Letter to the Times Higher Education, 5 March 2009

Sense About Science is annoyed with Times Higher Education for mentioning that Vivian Moses, who contributed to its booklet on GM, heads a biotech industry-funded lobby group. It says this is not a paid position so it is not a vested interest. Yet in your article Moses himself says that, if he had been asked, he would have mentioned it.

Moses is also part of the Scientific Alliance, as are several of Sense About Science’s scientific advisers, not to mention one or two of the other contributors to the GM booklet.

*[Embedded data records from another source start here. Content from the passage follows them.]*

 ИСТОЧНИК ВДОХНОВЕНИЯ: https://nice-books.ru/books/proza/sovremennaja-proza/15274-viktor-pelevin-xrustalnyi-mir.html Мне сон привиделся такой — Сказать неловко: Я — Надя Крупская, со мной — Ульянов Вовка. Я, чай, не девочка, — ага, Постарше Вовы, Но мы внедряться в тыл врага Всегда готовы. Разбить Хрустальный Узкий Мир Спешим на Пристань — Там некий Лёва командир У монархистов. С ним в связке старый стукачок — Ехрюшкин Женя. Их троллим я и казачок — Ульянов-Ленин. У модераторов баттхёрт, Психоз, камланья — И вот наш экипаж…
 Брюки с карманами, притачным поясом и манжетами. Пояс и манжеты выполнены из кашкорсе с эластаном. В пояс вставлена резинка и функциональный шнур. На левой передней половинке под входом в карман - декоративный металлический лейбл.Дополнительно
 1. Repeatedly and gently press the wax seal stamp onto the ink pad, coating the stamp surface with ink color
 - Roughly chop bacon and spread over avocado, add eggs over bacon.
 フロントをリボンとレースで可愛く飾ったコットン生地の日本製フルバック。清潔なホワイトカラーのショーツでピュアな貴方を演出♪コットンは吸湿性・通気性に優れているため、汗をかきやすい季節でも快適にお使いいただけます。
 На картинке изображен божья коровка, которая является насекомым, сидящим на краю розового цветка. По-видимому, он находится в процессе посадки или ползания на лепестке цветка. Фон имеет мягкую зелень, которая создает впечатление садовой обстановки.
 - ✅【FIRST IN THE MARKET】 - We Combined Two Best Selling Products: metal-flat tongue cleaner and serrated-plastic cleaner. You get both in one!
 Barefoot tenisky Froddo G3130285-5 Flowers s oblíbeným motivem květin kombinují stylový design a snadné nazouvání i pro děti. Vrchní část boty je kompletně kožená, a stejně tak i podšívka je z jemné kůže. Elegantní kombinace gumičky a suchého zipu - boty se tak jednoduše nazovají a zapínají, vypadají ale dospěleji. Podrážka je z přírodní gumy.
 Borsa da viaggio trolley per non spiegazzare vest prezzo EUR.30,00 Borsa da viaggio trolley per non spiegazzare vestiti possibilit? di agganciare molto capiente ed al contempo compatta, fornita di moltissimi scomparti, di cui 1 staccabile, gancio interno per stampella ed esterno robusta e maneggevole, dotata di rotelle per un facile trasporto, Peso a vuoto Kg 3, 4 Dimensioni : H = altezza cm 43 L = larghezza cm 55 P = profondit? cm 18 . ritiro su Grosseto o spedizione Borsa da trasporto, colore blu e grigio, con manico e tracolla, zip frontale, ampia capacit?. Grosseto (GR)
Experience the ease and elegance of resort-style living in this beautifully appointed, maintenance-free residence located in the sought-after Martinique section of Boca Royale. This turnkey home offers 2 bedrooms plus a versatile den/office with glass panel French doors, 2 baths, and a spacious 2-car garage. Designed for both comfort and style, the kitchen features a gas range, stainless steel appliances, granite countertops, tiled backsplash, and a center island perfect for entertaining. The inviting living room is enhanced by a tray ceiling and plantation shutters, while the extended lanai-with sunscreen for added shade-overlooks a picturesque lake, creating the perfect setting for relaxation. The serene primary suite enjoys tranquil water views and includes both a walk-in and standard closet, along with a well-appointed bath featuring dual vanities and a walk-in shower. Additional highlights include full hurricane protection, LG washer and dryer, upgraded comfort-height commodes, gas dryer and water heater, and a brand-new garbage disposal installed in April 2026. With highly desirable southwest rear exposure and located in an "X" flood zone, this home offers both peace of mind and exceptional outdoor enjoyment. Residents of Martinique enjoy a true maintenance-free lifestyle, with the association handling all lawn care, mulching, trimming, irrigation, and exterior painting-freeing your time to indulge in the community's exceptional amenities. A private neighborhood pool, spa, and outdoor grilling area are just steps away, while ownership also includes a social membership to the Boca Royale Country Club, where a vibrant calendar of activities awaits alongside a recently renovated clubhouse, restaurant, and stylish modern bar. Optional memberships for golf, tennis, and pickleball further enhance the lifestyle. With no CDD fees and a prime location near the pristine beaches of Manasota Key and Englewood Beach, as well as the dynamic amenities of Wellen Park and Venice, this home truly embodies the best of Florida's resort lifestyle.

The Scientific Alliance is an industry-funded lobby group that openly promotes climate change denial – a topic on which Sense About Science has done almost nothing proactive to challenge the sceptics. Is this something else that shouldn’t be mentioned?

And when it comes to vested interests, what about Sense About Science itself? Times Higher Education refers to it simply as a “charity”, but a quick glance at the last accounts it lodged with the Charity Commission shows all the substantial sums from its named donors came from life science, pharma, big oil and mobile phone companies – funnily enough, the very industries whose interests it defends against their critics.

Sense About Science complains that some of these links make no difference to its views. Is this a scientific view? It is certainly contrary to a rash of recent research published in the British Medical Journal and Nature, among other places, which found that the corporate funding of scientific research can skew the results.

In view of such potential problems, transparency is vital if we are to establish the line between promoting “good science and evidence for the public” and something more akin to public relations for vested interests.